A long-running experiment has found that more carbon dioxide does not necessarily mean more plant growth

The incredibly complex science underpinning our understanding of climate change can be boiled down to a simple calculation: some processes produce carbon dioxide, like forest fires or burning fossil fuels, and some soak it up, like plant growth. For those trying to interpret the global carbon budget, a key question revolves around how much carbon dioxide a tree or moss or shrub can pull from the air. A large-scale experiment, running for more than a dozen years, has found that this value may be much less than some scientists had anticipated.

Think of atmospheric carbon as household budget: this new finding is like your boss handing down a pay cut.

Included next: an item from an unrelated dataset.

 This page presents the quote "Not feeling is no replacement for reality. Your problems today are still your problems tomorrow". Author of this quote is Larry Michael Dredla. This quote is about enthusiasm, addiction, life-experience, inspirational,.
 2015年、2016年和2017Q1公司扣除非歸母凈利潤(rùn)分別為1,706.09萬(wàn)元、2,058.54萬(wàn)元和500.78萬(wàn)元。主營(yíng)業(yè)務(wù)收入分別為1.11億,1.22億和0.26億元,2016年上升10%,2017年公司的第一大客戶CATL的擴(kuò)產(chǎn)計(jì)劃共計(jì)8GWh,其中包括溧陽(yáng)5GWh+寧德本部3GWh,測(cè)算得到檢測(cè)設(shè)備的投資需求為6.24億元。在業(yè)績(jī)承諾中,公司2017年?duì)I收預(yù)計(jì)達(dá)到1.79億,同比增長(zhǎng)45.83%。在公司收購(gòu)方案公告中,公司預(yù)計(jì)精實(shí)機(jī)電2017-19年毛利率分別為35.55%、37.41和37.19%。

All of a sudden, it’ll be just that much harder to make ends meet. Nature:

As carbon dioxide levels in the atmosphere continue to climb, most climate models project that the world’s oceans and trees will keep soaking up more than half of the extra CO2. But researchers report this week that the capacity for land plants to absorb more CO2 will be much lower than previously thought, owing to limitations in soil nutrients.

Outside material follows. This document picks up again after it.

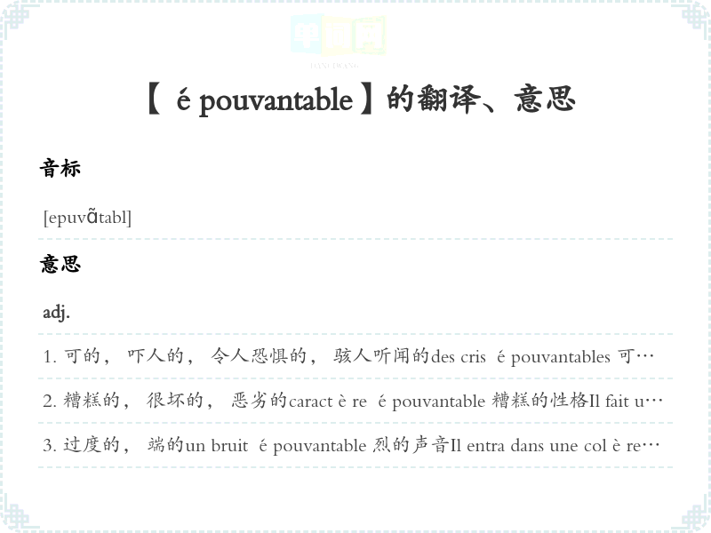 糟糕的, 很坏的, 恶劣的caractère épouvantable 糟糕的性格Il fait un temps épouvantable. 天气恶劣。

In the Cedar Creek Ecosystem Science Reserve in Minnesota, scientists have set up 296 experimental grassland plots to test the effects of different combinations of plants, carbon dioxide levels and nitrogen levels on plant growth rates. The experiment has been running since 1992, and throughout that time researchers have found that the effect of heightened carbon dioxide levels on plants can go through a couple of different phases.

For the first couple years, scientists found that the grasslands followed along with the idea of the “carbon fertilization effect.” Since plants use carbon dioxide to drive photosynthesis and to grow, more carbon dioxide means more plant growth. This little uptick in carbon consumption didn’t last for long, however.

After two years, plant growth became limited by the availability of nitrogen in the soil. Standard plant food you’d pick up at the store is rich in nitrogen, potassium and phosphorous, each a necessary fuel for plant growth. So even with a bursting supply of carbon dioxide, no nitrogen means no growth.

In the new study, scientists Peter Reich and Sarah Hobbie looked back on the extensive 13-year set of observations from the experimental plots. What they found was that in the grass plots that didn’t have extra nitrogen being added, plant growth was only half as much as for plots with lots of nitrogen, even when both had extra carbon dioxide. Though this idea of nitrogen-limited growth has been around for quite some time, there have not been many long-term in-the-field studies to show it.